Big Data vs. Big Creativity

As Tham Khai Meng took to the Adara Stage at the Hard Rock Cafe in Times Square, New York City on Monday, the first day of Advertising Week 2014, one question crossed his mind. Ogilvy & Mather’s Worldwide Chief Creative Officer glanced at his fellow storytellers on stage and wondered aloud, “Creatives sitting around talking about data…how [xxxxx] up is that?”

A nonetheless proper question given that the subject of Monday’s discussion centered on two subjects that, on the surface, don’t seem to intersect: data and creativity. Joining Khai were Sir John Hegarty, founder of Bartle Bogle Hegarty, and Chuck Porter, Chairman and co-founder of CP+B, and all three had much to say about the impact big data has had on the creative process in today’s advertising world. For Khai, data and creativity are inexorably linked. Humans have been information processors throughout their existence, gaining insights from data. But, as ever when creative minds get talking, passionate and sometimes differing viewpoints were on display.
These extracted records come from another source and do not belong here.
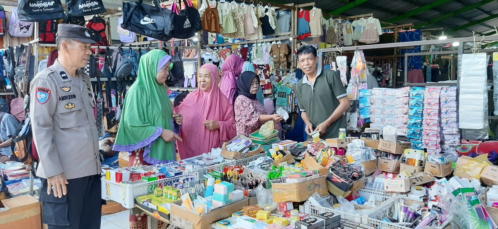 Dalam kegiatan tersebut, Aipda Amiruddin menyapa para pedagang dan pengunjung pasar sambil memberikan imbauan kamtibmas agar tetap waspada terhadap potensi tindak kejahatan seperti pencopetan dan penipuan, serta mengajak masyarakat menjaga kebersihan lingkungan pasar.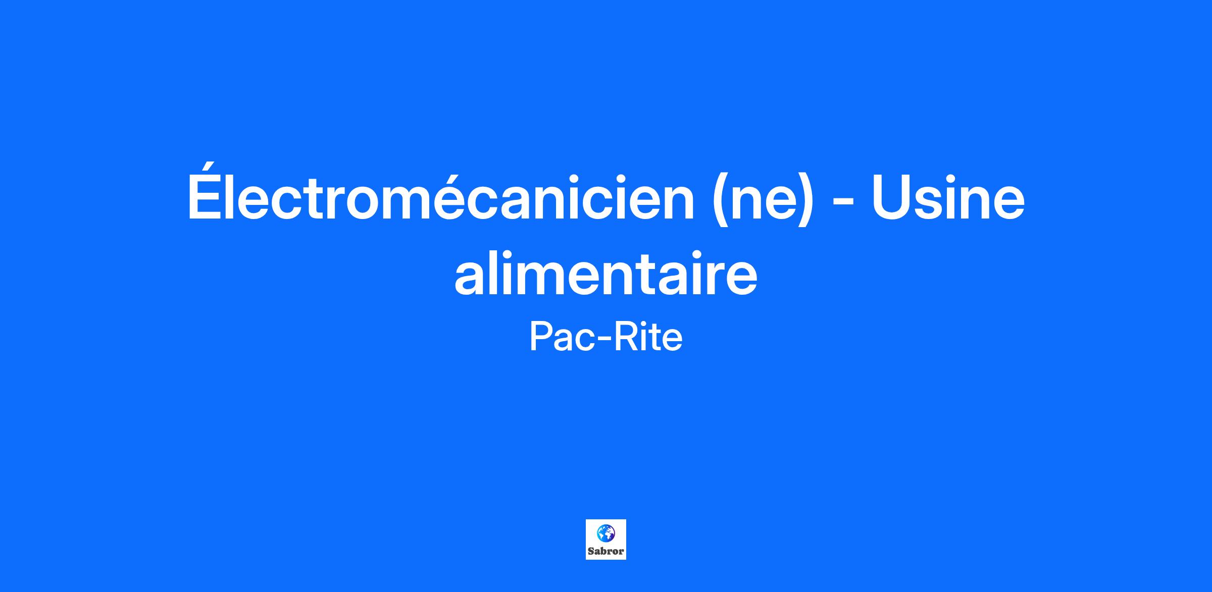 Tu recherches un environnement de travail chaleureux où ton rôle compte vraiment ? Chez Les Produits de Viandes Pac-Rite, nous croyons que le travail peut rimer avec passion et convivialité ! Depuis plus de 70 ans, nous faisons vivre une belle aventure familiale dans le secteur de la volaille, en alliant savoir-faire traditionnel et technologies modernes comme les bras robotiques. Nous cherchons un électromécanicien motivé et curieux, prêt à partager son savoir-faire et à grandir avec nous dans une ambiance conviviale et passionnante. Type d'emploi : Permanent, Temps plein, Quart de jour Quart de travail : Lundi au vendredi Salaire : selon expérience Bureau : 9090 rue Pierre-Bonne, Montréal, H1E 6W5 En rejoignant notre équipe, vous bénéficierez: Assurances collectives, de vie et de voyage Abonnement au gym gratuit Stationnement gratuit Rabais sur votre carte OPUS Évènements de reconnaissance d’employés Votre rôle quotidien Effectuer la maintenance préventive sur des machines d’emballage Effectuer la maintenance corrective de la machinerie hautement automatisée Diagnostiquer et résoudre les problèmes mécaniques et électriques Installer, réparer, remplacer et entretenir les systèmes électriques et mécaniques Effectuer des tests et des inspections régulières pour assurer le bon fonctionnement des équipements Collaborer avec les responsables des divers départements de la production Toutes autres tâches connexes Le profil que nous recherchons Détenir un DEP en électromécanique de systèmes automatisés ou autre formation pertinente Expérience préalable d'au moins 1 an en tant qu'Électromécanicien (domaines agroalimentaire un atout) Bonne compréhension des normes de sécurité dans le domaine industriel Capacité à travailler de manière autonome et à résoudre les problèmes rapidement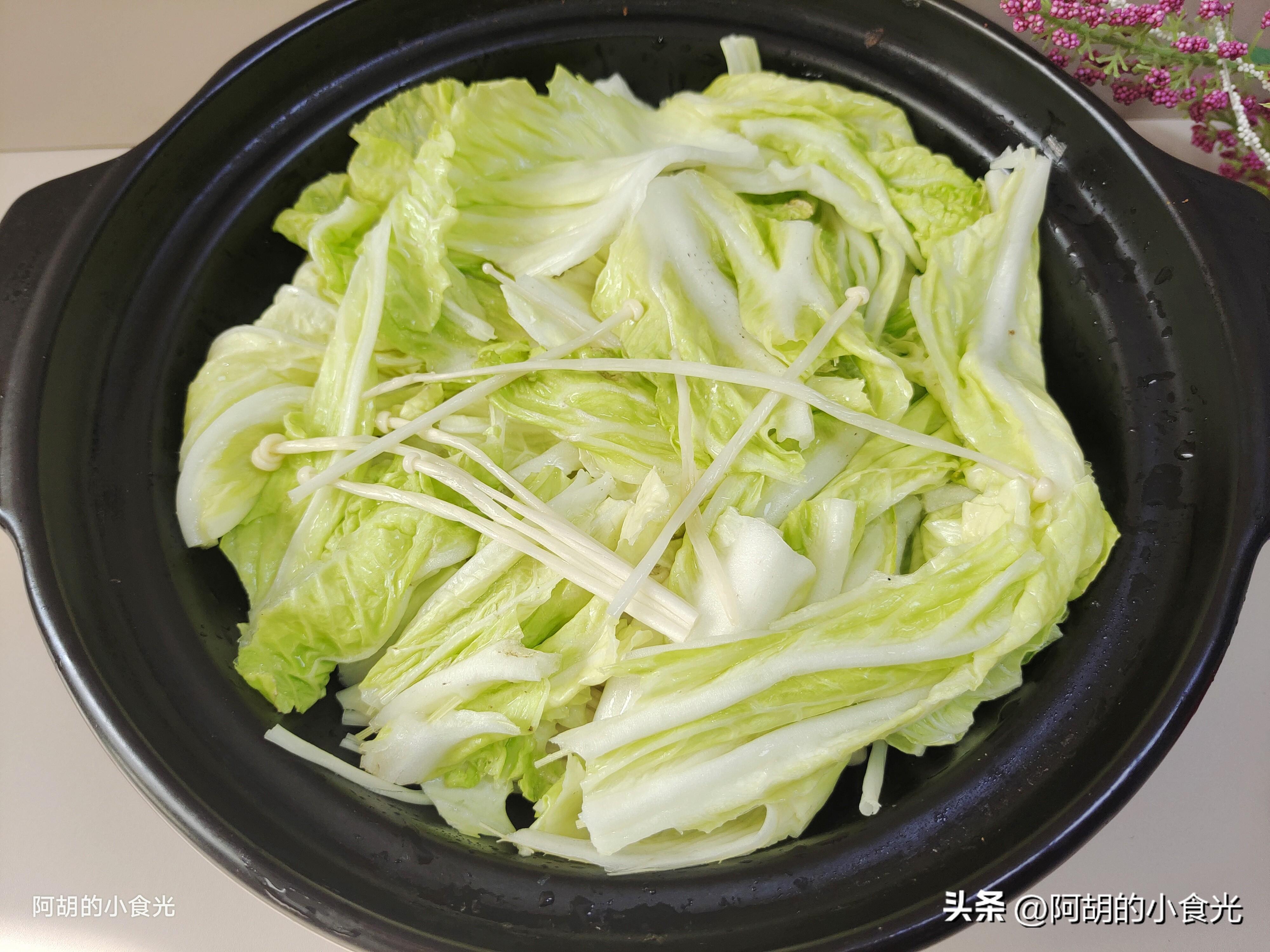第三步:其它的配菜又金針菇一把洗淨擠幹水分待用,一些白菜或者娃娃菜洗淨備用,喜歡的也可以再搭配一些龍口細粉,把這些配菜一塊鋪入砂鍋中待用,注意如果有粉絲的則不要墊底哦。

Chuck began with how data can be viewed as a threat. The amount of data being collected today is staggering, even intimidating to some. Big data seemingly knows everything about everyone. And what this culture has resulted in, Chuck said, is the inundation of countless and often meaningless ad messages every day. Data helps advertisers reach people, but the message still matters. People still want to be inspired, and data alone won’t get the job done. Unexpectedness is one of the key drivers of emotion and inspiration and because of this, Chuck said, agencies remain crucial. He likened storytelling in advertising to another creative art form: music. In art, there’s no scientific method to create inspiration. “If science could create this,” Chuck said, “every song writer would be John Lennon.”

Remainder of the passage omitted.